▸ **Collected data**:

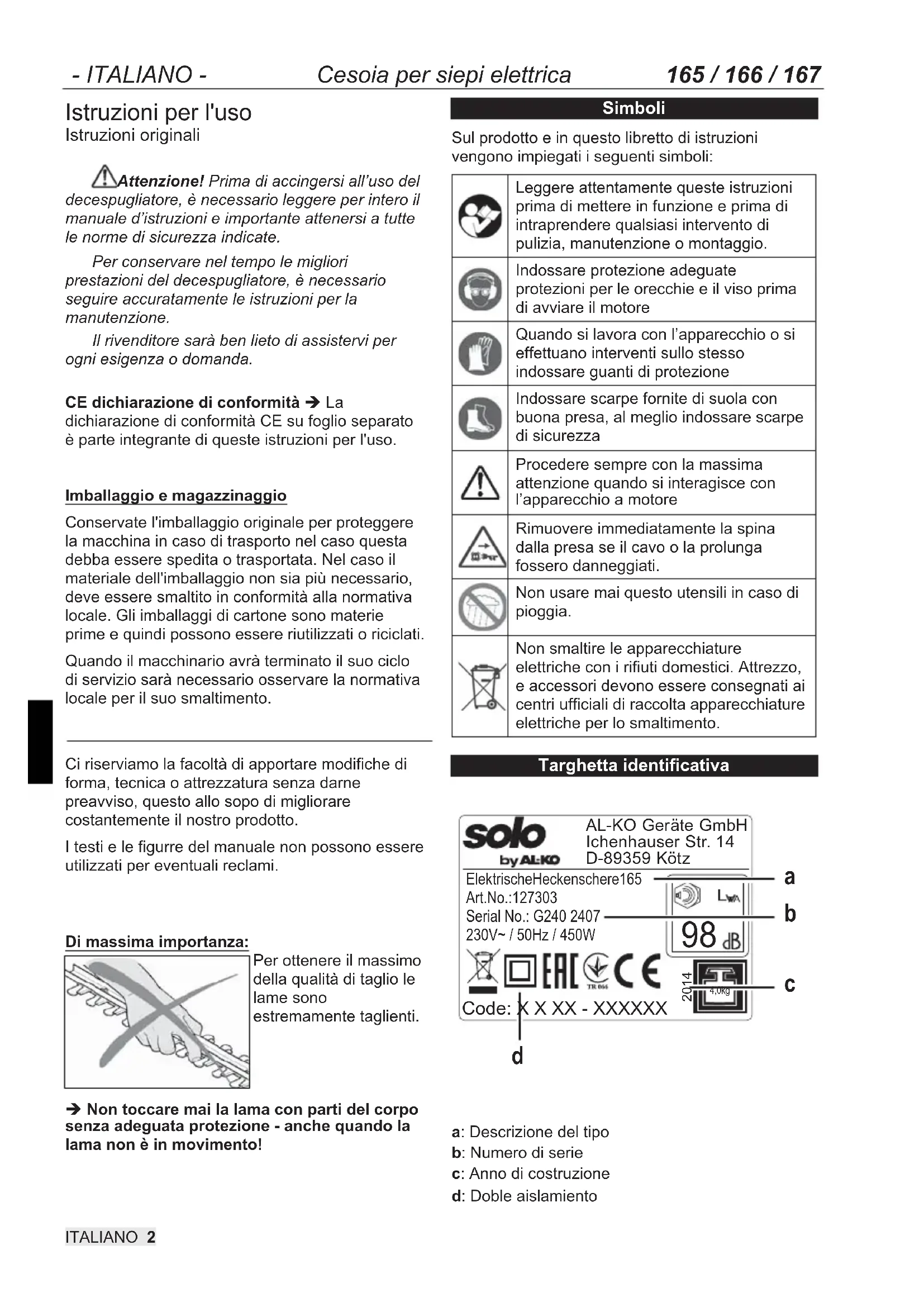 Fig. 14- ITALIANO - Cesoia per siepi elettrica 165 / 166 / 167 ITALIANO 2 Istruzioni per l'uso Istruzioni originali Attenzione! Prima di accingersi all’uso del decespugliatore, è necessario leggere per intero il manuale d’istruzioni e importante attenersi a tutte le norme di sicurezza indicate. Per conservare nel tempo le migliori prestazioni del decespugliatore, è necessario seguire accuratamente le istruzioni per la manutenzione. Il rivenditore sarà ben lieto di assistervi per ogni esigenza o domanda. CE dichiarazione di conformità Î La dichiarazione di conformità CE su foglio separato è parte integrante di queste istruzioni per l'uso. Imballaggio e magazzinaggio Conservate l'imballaggio originale per proteggere la macchina in caso di trasporto nel caso questa debba essere spedita o trasportata. Nel caso il materiale dell'imballaggio non sia più necessario, deve essere smaltito in conformità alla normativa locale. Gli imballaggi di cartone sono materie prime e quindi possono essere riutilizzati o riciclati. Quando il macchinario avrà terminato il suo ciclo di servizio sarà necessario osservare la normativa locale per il suo smaltimento.
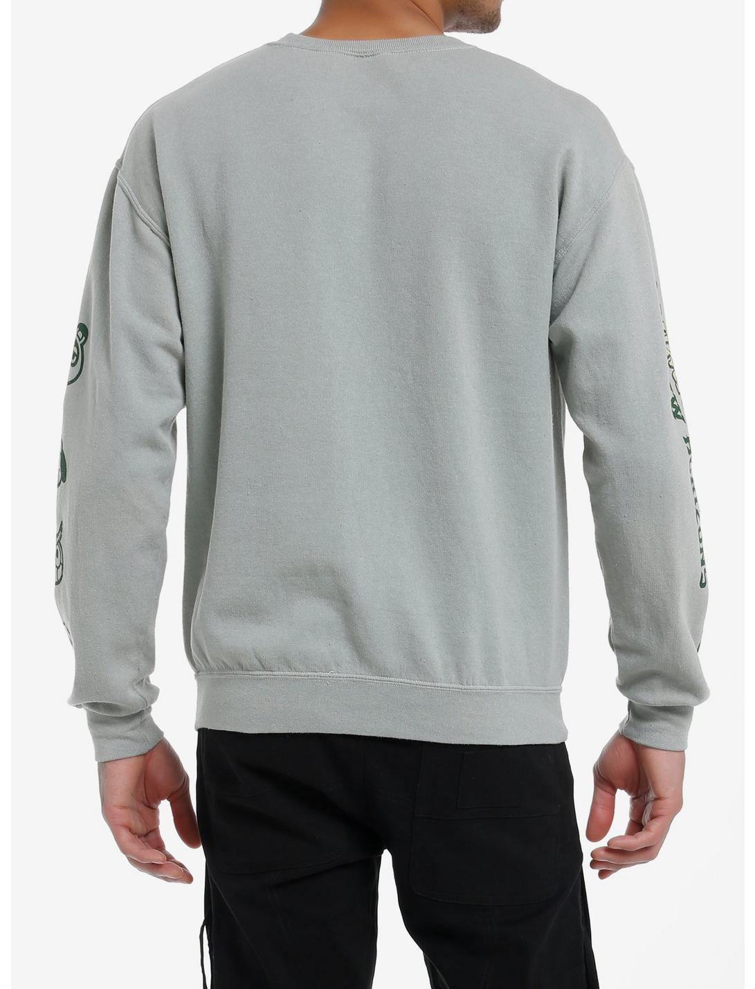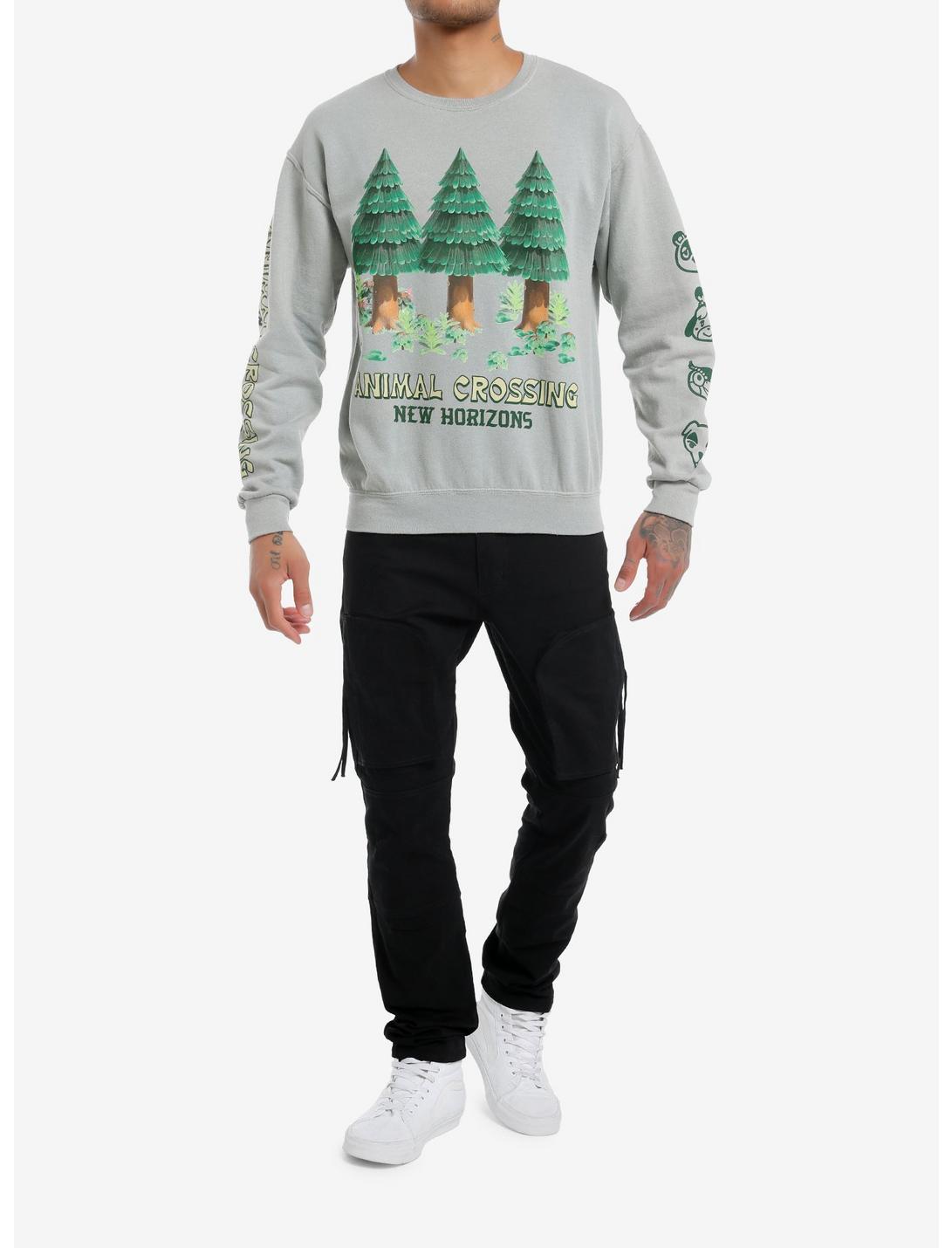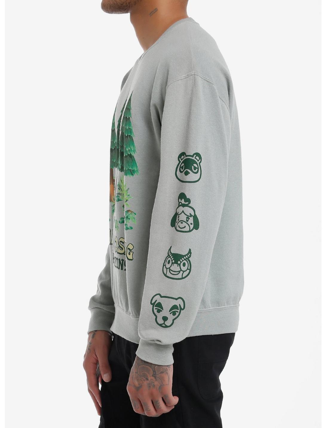 Get to gardening in your island with this sweatshirt on! This crewneck sweater from Animal Crossing: New Horizons features cedar trees from the game on the front and the game title on one sleeve, plus characters printed down the other sleeve: Tom Nook, Isabelle, Blathers and K.K. Slider!50% cotton; 50% polyesterWash cold; dry lowImportedListed in men's/unisex sizesModel is 6'1"Model wears size Medium
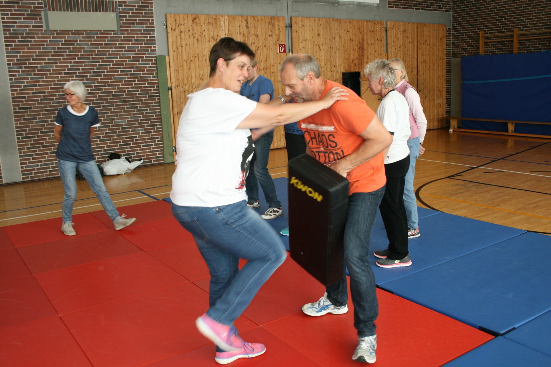 Einen lehrreichen und bewegungsintensiven Nachmittag verbrachten die mehr als 10 Teilnehmerinnen des Vortrages „Selbstbehauptung für Frauen und Mädchen ab 14 Jahren“ am letzten Dienstagnachmittag ab 16 Uhr in der Schulturnhalle in Ütterlingsen. Die Kooperation zwischen Grundschule, Kindergarten, Jugendeinrichtung und Quartiersmanagement hatte es möglich gemacht, dass diese Veranstaltung stattfand.[nbsp]

▸ **The problem**: Since the pictures are not wanted, transcribe only the rest of the material above, exactly as it stands.

▸ **Completed exercise**:
 Fig. 14- ITALIANO - Cesoia per siepi elettrica 165 / 166 / 167 ITALIANO 2 Istruzioni per l'uso Istruzioni originali Attenzione! Prima di accingersi all’uso del decespugliatore, è necessario leggere per intero il manuale d’istruzioni e importante attenersi a tutte le norme di sicurezza indicate. Per conservare nel tempo le migliori prestazioni del decespugliatore, è necessario seguire accuratamente le istruzioni per la manutenzione. Il rivenditore sarà ben lieto di assistervi per ogni esigenza o domanda. CE dichiarazione di conformità Î La dichiarazione di conformità CE su foglio separato è parte integrante di queste istruzioni per l'uso. Imballaggio e magazzinaggio Conservate l'imballaggio originale per proteggere la macchina in caso di trasporto nel caso questa debba essere spedita o trasportata. Nel caso il materiale dell'imballaggio non sia più necessario, deve essere smaltito in conformità alla normativa locale. Gli imballaggi di cartone sono materie prime e quindi possono essere riutilizzati o riciclati. Quando il macchinario avrà terminato il suo ciclo di servizio sarà necessario osservare la normativa locale per il suo smaltimento.
 Get to gardening in your island with this sweatshirt on! This crewneck sweater from Animal Crossing: New Horizons features cedar trees from the game on the front and the game title on one sleeve, plus characters printed down the other sleeve: Tom Nook, Isabelle, Blathers and K.K. Slider!50% cotton; 50% polyesterWash cold; dry lowImportedListed in men's/unisex sizesModel is 6'1"Model wears size Medium
 Einen lehrreichen und bewegungsintensiven Nachmittag verbrachten die mehr als 10 Teilnehmerinnen des Vortrages „Selbstbehauptung für Frauen und Mädchen ab 14 Jahren“ am letzten Dienstagnachmittag ab 16 Uhr in der Schulturnhalle in Ütterlingsen. Die Kooperation zwischen Grundschule, Kindergarten, Jugendeinrichtung und Quartiersmanagement hatte es möglich gemacht, dass diese Veranstaltung stattfand.[nbsp]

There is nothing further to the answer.